Web link: linkinghub.elsevier.com/retrieve/...

Pages: S437-S438

Abstract

Methods: All available patient data for 14,616 patients with sub-diagnoses type I, type II, or Not Otherwise Specified were extracted from the Swedish national quality assurance register for bipolar disorders (BipoläR). Lithium prescription prevalence for each county (the administrative and financial regional level responsible for the health care system) was calculated. Logistic regression analyses with stepwise adjustments for confounders (age, sex, psychiatric comorbidity, antipsychotic drug treatment, and antidepressant drug treatment) were run, with any type of recurrence as primary and specific episode types as secondary outcomes. The subset of 5,618 patients with bipolar I disorder were also analysed separately. The result of the logistic regression is expressed in odds ratio (OR), which is the quota between odds for populations with 1 percentage of difference in lithium prescription rate.
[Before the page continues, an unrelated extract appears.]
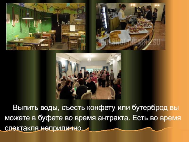 Выпить воды, съесть конфету или бутерброд выможете в буфете во время антракта. Есть во времяспектакля

Two-sided testing were used for all analyses and the significance level was set to p<0.05. Results: In the whole group, higher lithium prescription rate was significantly associated with lower odds for any type of recurrence [OR = 0.985 (0.980-0.989), p < 0.0005] with similar results for all adjustment steps. Likewise, higher lithium prevalence was associated with lower odds for depressive and hypomanic episodes. For bipolar I disorder, higher lithium prescription rate was associated with lower risk of overall recurrences [OR=0.979 (0.975-0.987), p < 0.0005], as well as for depressive, manic and hypomanic episodes, specifically. Conclusions: The results suggest that higher regional prescription rates are associated with lower risk recurrence in bipolar disorder. The associations withstood adjusting for demographic variables, medication and comorbid conditions. Notably, the ORs represent the decreased risk with 1% lithium prevalence. Given that the regional differences in Sweden – as well as across countries – are much higher than that, the differences in outcomes might be substantial. With the caveat that this study is based on cross-sectional data, the data suggest that outcomes on a population might improve if more patients receive lithium. The results are in line with meta-analyses of RCTs and lend support for lithium being the first line maintenance treatment in bipolar disorder.